Edicts of an Empire
December 25, 2021 (1,937 words)
Today’s catchy title is taken from the subject line of this week’s email blast from the long-time President of a small but highly-regarded liberal arts college located in the beautiful Shenandoah Valley region of Northern Virginia. He is a stalwart man of principle, and his weekly message always inspires. This one also got me to thinking.
Our oldest attended this fine institution for two years early in the last decade, which is the only reason I’m still on their mailing list. It seems they hold on to every last one of their formerly-active contacts, forever. No one ever gets dropped.
This little college’s claim to fame is not accepting any financial subsidy from the federal government. It is therefore exempt from Edicts of the American Empire as they pertain to admissions and curriculum. It’s quirky approach to higher education attracts a total enrollment of approximately 500 young people from 46 states and 5 countries, each of whom feel drawn by the school’s unique mission. Business-as-usual at this place is to boldly proclaims what are understood to be timeless truths, in everything from campus policies to the syllabus specifics of course offerings.
At the same time, this independent stance puts the school in a precarious financial position, year after year. In order to survive and prosper, it must appeal to a select group of relatively well-off families who can afford to enroll their children without the benefit of standard issue, low interest student loans.

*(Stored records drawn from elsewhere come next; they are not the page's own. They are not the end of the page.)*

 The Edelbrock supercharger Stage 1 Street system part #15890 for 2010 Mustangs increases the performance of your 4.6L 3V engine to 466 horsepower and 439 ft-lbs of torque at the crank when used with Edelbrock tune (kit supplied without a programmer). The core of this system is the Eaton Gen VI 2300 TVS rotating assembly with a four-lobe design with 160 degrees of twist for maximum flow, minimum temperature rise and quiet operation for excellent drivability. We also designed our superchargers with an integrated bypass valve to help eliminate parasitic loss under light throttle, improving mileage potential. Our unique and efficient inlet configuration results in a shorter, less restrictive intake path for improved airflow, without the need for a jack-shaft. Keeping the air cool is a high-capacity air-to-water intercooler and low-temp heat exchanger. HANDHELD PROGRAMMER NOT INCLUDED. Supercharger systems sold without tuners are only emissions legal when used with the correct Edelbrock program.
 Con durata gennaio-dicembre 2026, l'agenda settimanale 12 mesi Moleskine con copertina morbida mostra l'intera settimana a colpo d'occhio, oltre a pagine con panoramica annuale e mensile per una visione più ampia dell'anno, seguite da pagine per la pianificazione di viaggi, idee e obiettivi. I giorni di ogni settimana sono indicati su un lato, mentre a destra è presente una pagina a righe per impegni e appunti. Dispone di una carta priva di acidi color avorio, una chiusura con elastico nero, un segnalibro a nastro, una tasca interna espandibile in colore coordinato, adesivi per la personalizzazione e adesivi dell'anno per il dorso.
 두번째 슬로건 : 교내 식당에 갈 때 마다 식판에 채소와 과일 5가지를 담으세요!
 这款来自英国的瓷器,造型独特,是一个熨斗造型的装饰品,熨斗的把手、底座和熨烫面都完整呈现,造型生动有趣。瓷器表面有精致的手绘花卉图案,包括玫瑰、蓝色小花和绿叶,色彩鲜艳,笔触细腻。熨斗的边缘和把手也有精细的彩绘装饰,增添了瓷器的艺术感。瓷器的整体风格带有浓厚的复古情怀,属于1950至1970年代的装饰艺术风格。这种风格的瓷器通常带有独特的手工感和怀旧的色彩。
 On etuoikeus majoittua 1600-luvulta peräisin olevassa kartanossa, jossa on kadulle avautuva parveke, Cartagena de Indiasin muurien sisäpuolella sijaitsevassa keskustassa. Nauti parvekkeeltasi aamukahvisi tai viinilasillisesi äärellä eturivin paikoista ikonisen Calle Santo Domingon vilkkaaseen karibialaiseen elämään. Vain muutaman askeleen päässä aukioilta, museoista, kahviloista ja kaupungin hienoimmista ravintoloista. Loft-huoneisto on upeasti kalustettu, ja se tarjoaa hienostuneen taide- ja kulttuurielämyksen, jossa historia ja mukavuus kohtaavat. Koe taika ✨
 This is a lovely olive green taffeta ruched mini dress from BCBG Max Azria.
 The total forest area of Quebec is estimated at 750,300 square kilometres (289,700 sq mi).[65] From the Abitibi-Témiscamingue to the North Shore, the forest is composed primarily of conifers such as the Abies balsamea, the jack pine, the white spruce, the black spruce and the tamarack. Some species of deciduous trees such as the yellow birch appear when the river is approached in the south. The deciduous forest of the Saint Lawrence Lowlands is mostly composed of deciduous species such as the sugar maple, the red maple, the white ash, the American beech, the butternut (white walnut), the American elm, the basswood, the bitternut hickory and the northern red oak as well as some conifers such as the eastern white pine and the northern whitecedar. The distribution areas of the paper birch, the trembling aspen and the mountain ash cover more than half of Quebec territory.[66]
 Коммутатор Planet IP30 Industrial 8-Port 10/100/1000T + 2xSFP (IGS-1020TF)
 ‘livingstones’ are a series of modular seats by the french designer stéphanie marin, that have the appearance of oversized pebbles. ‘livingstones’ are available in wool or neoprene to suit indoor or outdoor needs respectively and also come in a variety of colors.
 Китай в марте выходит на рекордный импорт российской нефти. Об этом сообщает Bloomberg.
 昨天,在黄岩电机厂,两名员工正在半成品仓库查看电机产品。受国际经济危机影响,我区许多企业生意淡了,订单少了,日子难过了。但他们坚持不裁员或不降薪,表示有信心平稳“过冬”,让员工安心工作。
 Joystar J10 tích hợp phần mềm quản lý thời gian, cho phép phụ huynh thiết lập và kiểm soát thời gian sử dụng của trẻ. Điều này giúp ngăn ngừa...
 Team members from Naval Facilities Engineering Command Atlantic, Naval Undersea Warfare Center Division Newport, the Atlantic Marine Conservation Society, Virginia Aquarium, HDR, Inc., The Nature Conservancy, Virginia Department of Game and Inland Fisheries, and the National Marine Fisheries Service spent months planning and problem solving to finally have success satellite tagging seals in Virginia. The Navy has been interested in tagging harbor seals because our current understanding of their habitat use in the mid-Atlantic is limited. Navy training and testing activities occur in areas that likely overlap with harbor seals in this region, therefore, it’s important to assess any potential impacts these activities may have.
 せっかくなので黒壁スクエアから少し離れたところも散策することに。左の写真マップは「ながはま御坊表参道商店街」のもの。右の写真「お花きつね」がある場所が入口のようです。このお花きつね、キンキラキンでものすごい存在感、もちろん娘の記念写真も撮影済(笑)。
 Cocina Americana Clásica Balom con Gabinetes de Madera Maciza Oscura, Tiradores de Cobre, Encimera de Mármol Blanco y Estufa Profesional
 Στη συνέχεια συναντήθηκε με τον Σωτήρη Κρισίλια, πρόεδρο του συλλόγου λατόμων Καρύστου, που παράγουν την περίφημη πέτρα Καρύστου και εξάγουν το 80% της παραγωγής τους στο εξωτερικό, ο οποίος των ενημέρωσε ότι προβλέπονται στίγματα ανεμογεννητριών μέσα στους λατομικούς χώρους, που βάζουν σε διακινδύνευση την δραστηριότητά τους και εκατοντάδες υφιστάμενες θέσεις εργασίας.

Along with finding its fair share of relatively well-off benefactors with a little spare cash to spread around, who will help bridge the ever-widening gap between tuition fees and actual operating costs.
Having to contend with outsized financial obligations can prompt one to turn an occasional blind eye to the ways and means of meeting those obligations. Or force an outright compromise on principle from time to time. This can happen to anyone. It can even happen at a highly regarded liberal arts college located in Northern Virginia, that prides itself on being uncompromising in its pursuit of truth.
Given today’s volatile political climate, one is forced to immediately identify as either conservative or liberal, to avoid being confused with the enemy. This paradigm may have its practical application in navigating daily life. But it ultimately limits one’s ability to discern the bigger picture, and develop an appreciation for the warp and weave of history. To say nothing of gaining a grasp on the meaning of life.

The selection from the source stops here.